CONTAINS SOME SPOILERS OUCH PHWOOOOAR
Here we go again.... The middle section of the Fifty Shades Trilogy really is more of the same: bigger, raunchier, sillier, softer. While the original film was little more than a Pretty Woman poor-girl-rich-boy romance with tasteful lighting and music choices to dilute the depravities we weren't really shown anyway, Part Two ups the frank nudity factor (at last there's some meat to go with the cheese) but descends into so much absurdity and terrible dialogue that you expect the theme from Dynasty or Falcon Crest to erupt at half a dozen particularly gigglesome moments. Maybe it's unfair for me to pick holes in the Fifty Shades movies given that, like the Twilights or the Star Wars prequels, I'm not the target audience. This isn't a blokey film about bonking, it's a girlie film about lurve; a sweet and sentimental fairytale, albeit one in which Prince Charming likes to tie Cinderella to the bedpost and spank her with a table tennis bat. It's Beauty And The Beast, except he's ugly on the inside and America's Next Top Adonis on the outside.
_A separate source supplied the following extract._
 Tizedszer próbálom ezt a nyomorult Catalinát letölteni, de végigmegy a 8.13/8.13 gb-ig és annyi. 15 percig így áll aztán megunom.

Anastasia (Dakota Johnson) may have walked away from multi-billionaire Christian at the end of the first movie, but he can't let go: pining for her in his cavernous penthouse and plotting to win her back (apparently by shelling out money left and right in the belief this will impress her). His sexual hangups are all down to his backstory of abuse and mother issues, but he's trying to put it all behind him for Anastasia, even if it's just with apparently fantastic regular sex rather than cable ties and whips. But he's too controlling, too stifling - he buys the publishing house where she has her dream job, he won't let her go to New York for work because he's jealous of her boss (of course, it's fine for him to go off on business trips). Even when it looks like they're finally together and he pops the question, Kim Basinger is lurking around trying to break them up....
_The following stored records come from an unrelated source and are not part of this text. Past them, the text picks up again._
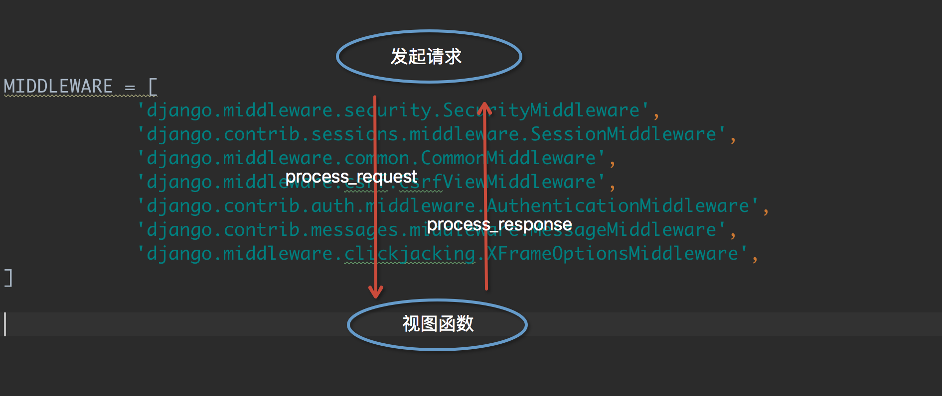 - c.返回值是 view_func(request),Django 将不执行后续视图函数之前执行的方法,提前执行视图函数,然后再倒序执行视图函数之后执行的方法。
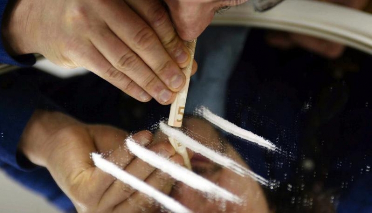 La droga era stata posizionata su un vassoio di metallo pronta per essere sniffata dai due.
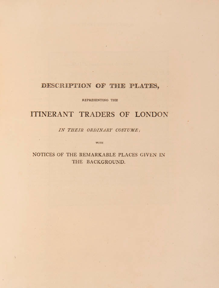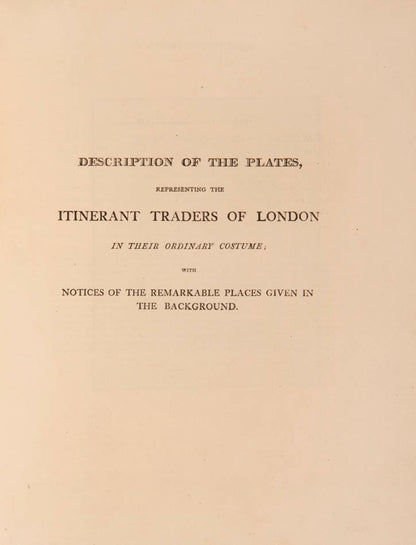 Description of the Plates, Representing the Itinerant Traders of London in their Ordinary Costume; with Notices of the Remarkable Places Given in the Background.
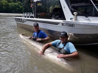 美国一对父子在加拿大不列颠哥伦比亚省的弗雷泽河钓到400公斤白鲟鱼 (神秘的地...

Fifty Shades Darker is a very silly episode of a very silly soap opera with dialogue George Lucas would have rolled his eyes at, and sex scenes that are franker than you'd expect at a multiplex these days, where an 18 certificate suddenly stands out amidst the 12A blandness. It's fairly painless and it looks nice, Danny Elfman has the soft strings going, and it's too silly to be either boring or offensive. Sure, you might want to read it as a film about emasculation - Christian Grey is giving up that very part of him that makes him what he is at the behest of a woman who's giving up very little in return, just as he was the one giving up control in the first film, the tagline of which was "Lose Control" - in which she's in charge, not the dominant sadist. It's still not very good though.